Fourth, the Proposed Rule’s analysis of costs and burdens of both the 2019 Program Integrity Rule and the Proposed Rule fails to address or take into account recent changes in the law made by the American Rescue Plan Act (“ARPA”, March 11, 2021, Public Law 117-2). Under ARPA’s greatly enhanced taxpayer subsidies for ACA exchange plans in 2021 and 2022, millions of Americans are newly eligible for zero-dollar coverage under certain exchange plans. However, in states like California, New York, and Maryland, where all or most ACA exchange plans cover elective abortion, consumers are not able to purchase a zero-dollar premium plan, because APTCs cannot legally be paid toward the abortion surcharge of at least $1 per enrollee per month, as the Proposed Rule itself admits. Consequently, individuals whose full monthly premium only consists of the small abortion surcharge are already paying, in effect, a “separate bill” for that coverage and would not face additional burdens under the current regulations established by the 2019 Program Integrity Rule. We ask that HHS reconsider its analysis to take into account this reality and, furthermore, to explain how the Department will enforce the elective abortion surcharge for otherwise zero-premium exchange plans. We also request that HHS provide a state-by-state analysis of the effects of the Proposed Rule.
V. Conclusion
The Proposed Rule directly violates the express text, clear meaning, and Congressional intent of Section 1303. In construing “separate” to mean “together,” the Proposed Rule would illegally allow insurance companies to collect combined payments for elective abortion coverage, rather than separate payments as the law requires. The Proposed Rule also undermines consumer transparency and makes it harder for consumers to know whether their plan covers abortion, which may lead many to pay for abortions in violation of their consciences or religious beliefs. Accordingly, HHS should withdraw the proposed “Segregation of Funds for Abortion Services (§156.280)” provisions set forth in this Proposed Rule.

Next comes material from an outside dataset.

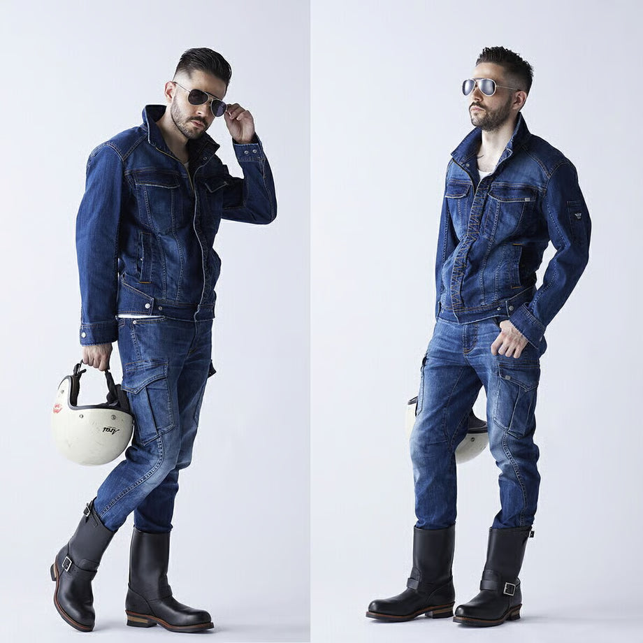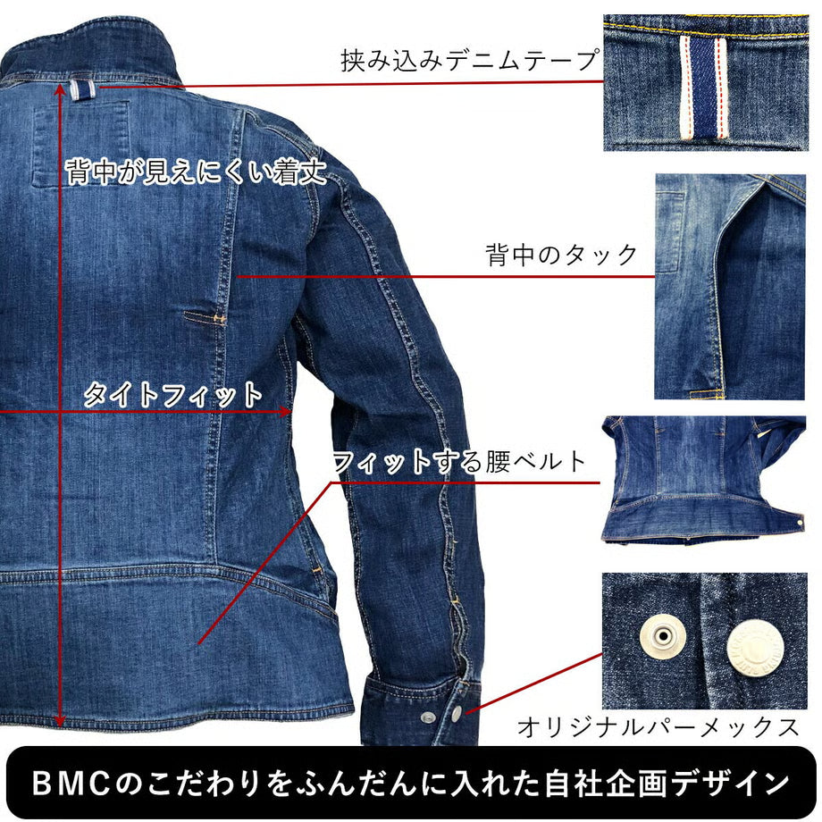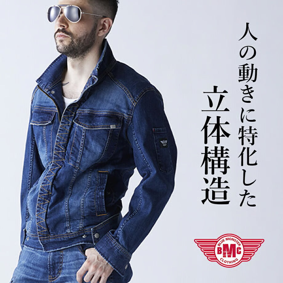 BMC(ブルーモンスタークロージング)の、背中や腕の動きにフィットするように作られた立体構造パターンのファッション×バイク×機能的なデニムジャケット。
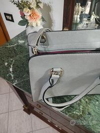 Vendo questa borsa per donna in pelle di colore grigio alla moda, in perfette condizioni, mai indossata, senza difetti e quindi nuova. La borsa è bellissima e molto elegante, adatta per qualsiasi tipo di evento e situazione. Qualità del prodotto eccellente.

The timing of the Proposed Rule is also concerning. Notably, President Biden and Congressional Democrats have announced their intentions to use the partisan budget reconciliation process to make permanent the ARPA increased taxpayer subsidies for ACA exchange plans, without the protections of the Hyde Amendment and at an estimated cost to taxpayers of $200 billion over 10 years. The purpose and effect of the Proposed Rule, in tandem with partisan legislative efforts to expand the ACA, will be to increase taxpayer funding for abortion on demand, to the financial benefit of Planned Parenthood and the abortion industry.
HHS should rigorously enforce the separate abortion payment requirements in the law, as directed by Congress and faithfully implemented by the current regulations, and promptly withdraw the provisions in the Proposed Rule to the contrary.